For most of us, then, technology is going to provide us the communication skills we’ll need. The universal translators of the future aren’t going to be perfect, but they should be adequate. For now, most of us only need to view China through the lens of a consumer (i.e. news and retail sales) and in that regard current Chinese to English text translation is passable. Go ahead and try it out. Fire up Chrome, visit a Chinese website, and see what happens. You probably won’t feel like you know everything that is going on, but you can probably answer two simple questions: “do I care about this enough to learn more?” and/or “do I want to buy this?” It will be even better five years from now.
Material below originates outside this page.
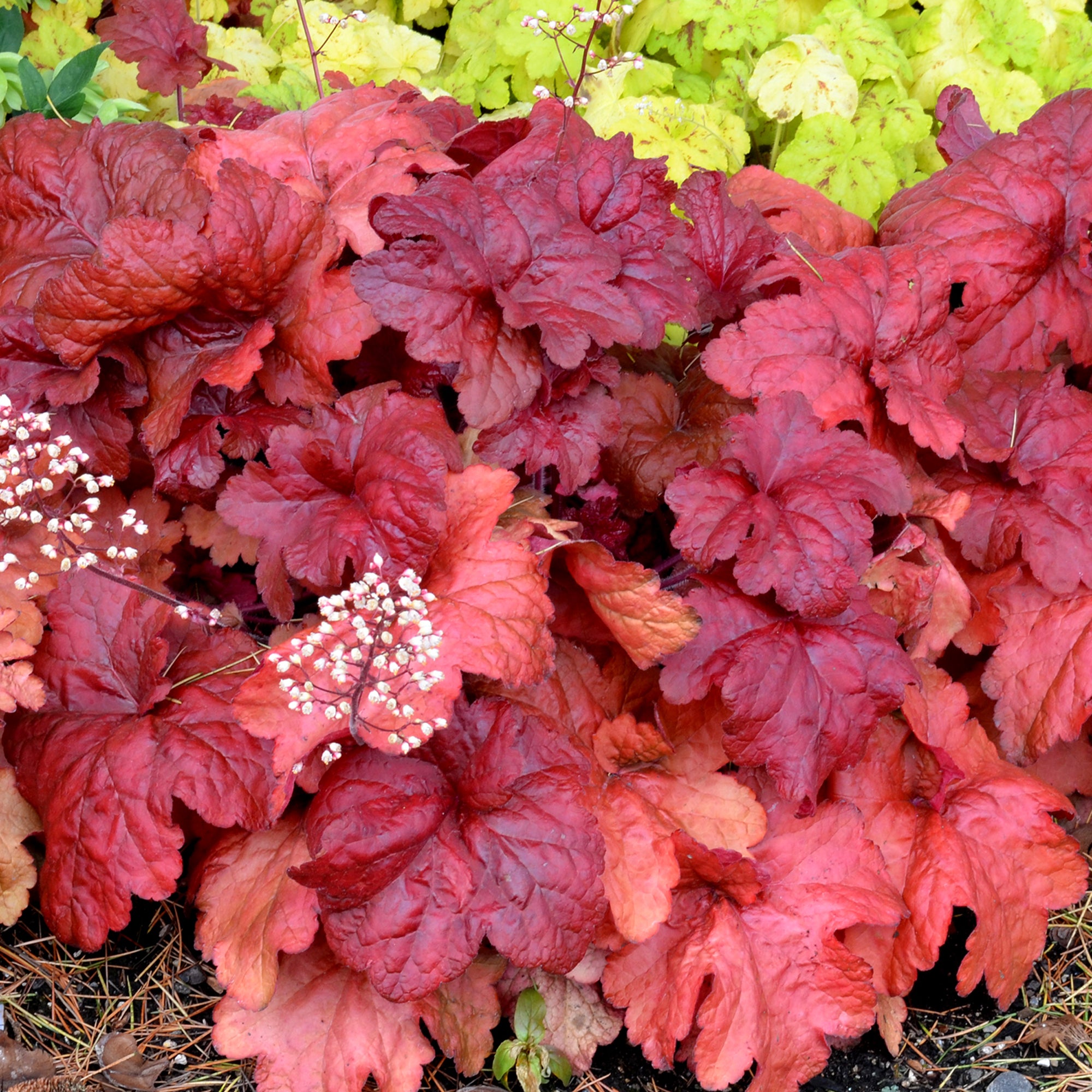 A compact, clump-forming herbaceous perennial shrub and highly popular woodland native. Heuchera 'Fire Alarm', sometimes known as Alum Root or Coral Bells are vibrant and colourful shrubs carrying large, fiery-red foliage, darkening in colour slightly as they mature. Tall, slender stems carry panicles of tiny bell-shaped white flowers tinged with a hint of pink which appear above the foliage from early to mid-Summer.
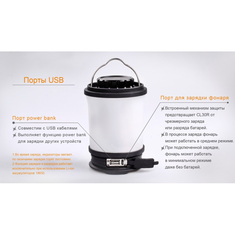 Важливою особливістю моделі CL30R є те, що акумулятори можна заряджати не тільки в стандартному зарядному пристрої, але і використовуючи роз'єм micro-USB. У цьому випадку буде потрібно додатковий адаптер напруги. Також від ліхтаря можна зарядити мобільний телефон або інші пристрої, використовуючи CL30R як power-банк.

With improvement we’ll be able to move from bare-bones shopping needs to mass media cultural consumption (blogs, TV, movies, etc). In fact, the amount of content you’ll be able to access is going to blow your mind – and it’s not all going to come from China.
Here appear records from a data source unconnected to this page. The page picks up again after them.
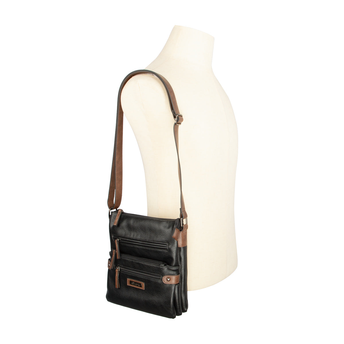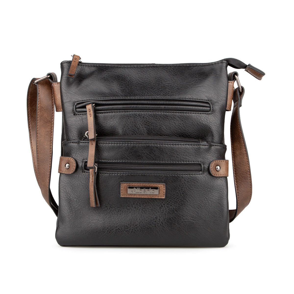 Fall for the practical style of the Alberto women's handbag. Made of synthetic leather with a printed fabric interior, it can be worn on the shoulder or as a crossbody thanks to its adjustable strap. Its ideal size and multiple inner and outer pockets offer optimized storage for all your days.
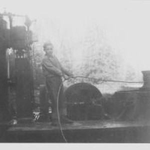 Photo--black and white: Young Bob Sturgeon working steam donkey spool at Sturgeon's Sawmill. Caption by Ralph S. Sturgeon: "This steam donkey--Dolber Carson from Willow Creek Sawmill, Sonoma County--bought by Donati-Gonnella & Wade Sturgeon mid 1920's, hauled here by Beedle Brothers, Occidental, solid tire truck--Kleiber & Kinsel? Down on flat north of sawmill--2150 Green Hill Road known as Ronte(?) at time of this snap shot. Robert Wade Sturgeon--early 1940's. When Ejnar and I bought sawmill from Donati, Gonnella & Sturgeon, we set up a pole & brow log & loaded 1924 Dorris truck from stockpile here. Five wraps on spool would pick up quite a load with out slipping, 7 wraps was about limit for wraps. The trick was to twist line for wraps needed. Ejnar ran donkey & tended spool as I loaded, straight line & bucket (11/16" roebling line. Got good at chocking center. R.S. S"
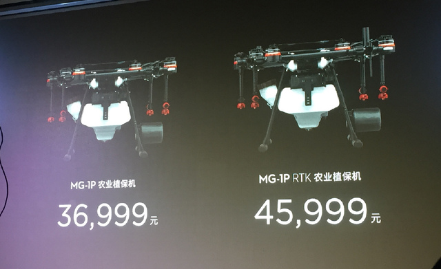 MG-1P 系列分为使用 GPS 定位以及 RTK 定位两个版本,两者定位精度分别为米级和厘米级。单套包含植保机、遥控器、雷达的价格,分别为 36999 元和 45999 元。
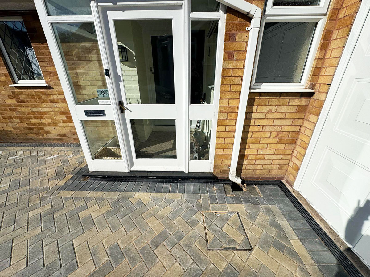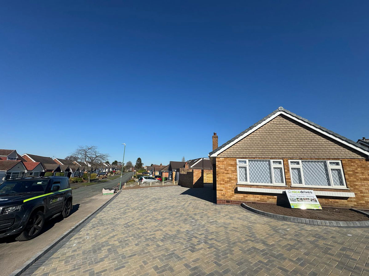 An enormous block paved driveway and patio which wraps around this bungalow in Sutton Coldfield. Whilst the choice of blocks differed front to back, there was still a great sense of continuity, and the choice of colour perfectly complemented the property.

You may not realize it, but you are denied tons of great content on the internet everyday due to the language barrier. When’s the last time you watched a Turkish soap opera, or listened to an Indonesian radio show, or read a Korean op ed? That will change when universal translation technology truly comes online. All the songs, novels, and philosophies we are currently missing will be opened to us and they won’t be alone. As billions more of us adopt the internet in the decades ahead the flood of thoughts is going to be amazing, and advanced translating tech is what’s going to keep us all afloat.
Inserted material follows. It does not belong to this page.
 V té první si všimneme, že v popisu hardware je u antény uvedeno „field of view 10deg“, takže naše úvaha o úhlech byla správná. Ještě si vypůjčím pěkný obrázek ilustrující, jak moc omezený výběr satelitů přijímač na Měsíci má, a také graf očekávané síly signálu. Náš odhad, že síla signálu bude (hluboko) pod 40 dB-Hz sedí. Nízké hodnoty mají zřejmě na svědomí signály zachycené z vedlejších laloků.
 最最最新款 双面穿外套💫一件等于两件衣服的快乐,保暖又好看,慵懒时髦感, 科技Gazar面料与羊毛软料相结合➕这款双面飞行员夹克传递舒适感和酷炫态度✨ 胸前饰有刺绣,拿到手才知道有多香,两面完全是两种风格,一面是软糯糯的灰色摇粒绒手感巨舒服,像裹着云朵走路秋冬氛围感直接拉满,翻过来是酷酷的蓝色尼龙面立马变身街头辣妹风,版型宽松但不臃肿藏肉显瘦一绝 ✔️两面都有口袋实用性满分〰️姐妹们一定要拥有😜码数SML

So boo to all the people who freak out about language preservation and language dominance. The aim of your anxiety is off. Yes, China is making big waves in the global market, but that doesn’t mean that Chinese is going to be some sort of universal trade language of the future. In five years, entrepreneurs will still need to learn Chinese, but consumers won’t. (Who knows, in ten years maybe entrepreneurs won’t need it either.) For the majority of the world then, the rise of Chinese on the internet is going to mean the same thing as the rise of Spanish and Japanese – more things to read about and enjoy. I’m looking forward to the growth of languages on the internet and the great content they will bring with them. Global communication is going to make our world a much better place… and it will help us realize that there are some things that we all love equally.